→ **Information shown**:
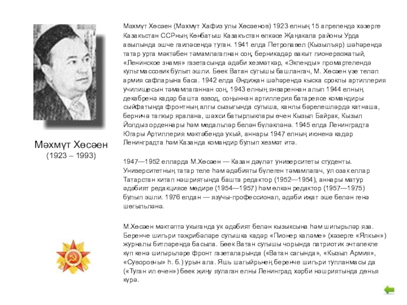 Слайд 91 Мәхмүт Хөсәен (Мәхмүт Хафиз улы Хөсәенов) 1923
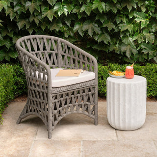 The Uriah Stool brings an artisanal edge to modern seating with its rugged yet refined aesthetic. Crafted from textured ironstone, each piece is shaped with scalloped edges and finished using a reactive glazing technique that ensures unique variations in tone and surface. The result is a stool that feels both organic and sculptural, adding depth and character to any interior.
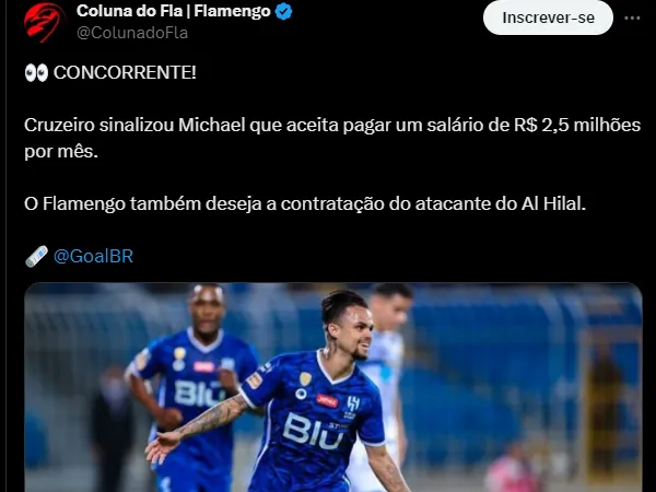Em 2021, o Flamengo aceitou vender Michael para o Al-Hilal, da Arábia Saudita, pelo valor de US$ 8,4 milhões (cerca de R$ 45,5 milhões na cotação atual). Agora, o Robozinho pode retornar ao Brasil.

→ **What you need to do**: Repeat the lines of the listing above verbatim, beginning at its first line and ending at the line containing "The Uriah Stool", which is included. Omit pictures.

→ **Reply**:
 Слайд 91 Мәхмүт Хөсәен (Мәхмүт Хафиз улы Хөсәенов) 1923
 The Uriah Stool brings an artisanal edge to modern seating with its rugged yet refined aesthetic. Crafted from textured ironstone, each piece is shaped with scalloped edges and finished using a reactive glazing technique that ensures unique variations in tone and surface. The result is a stool that feels both organic and sculptural, adding depth and character to any interior.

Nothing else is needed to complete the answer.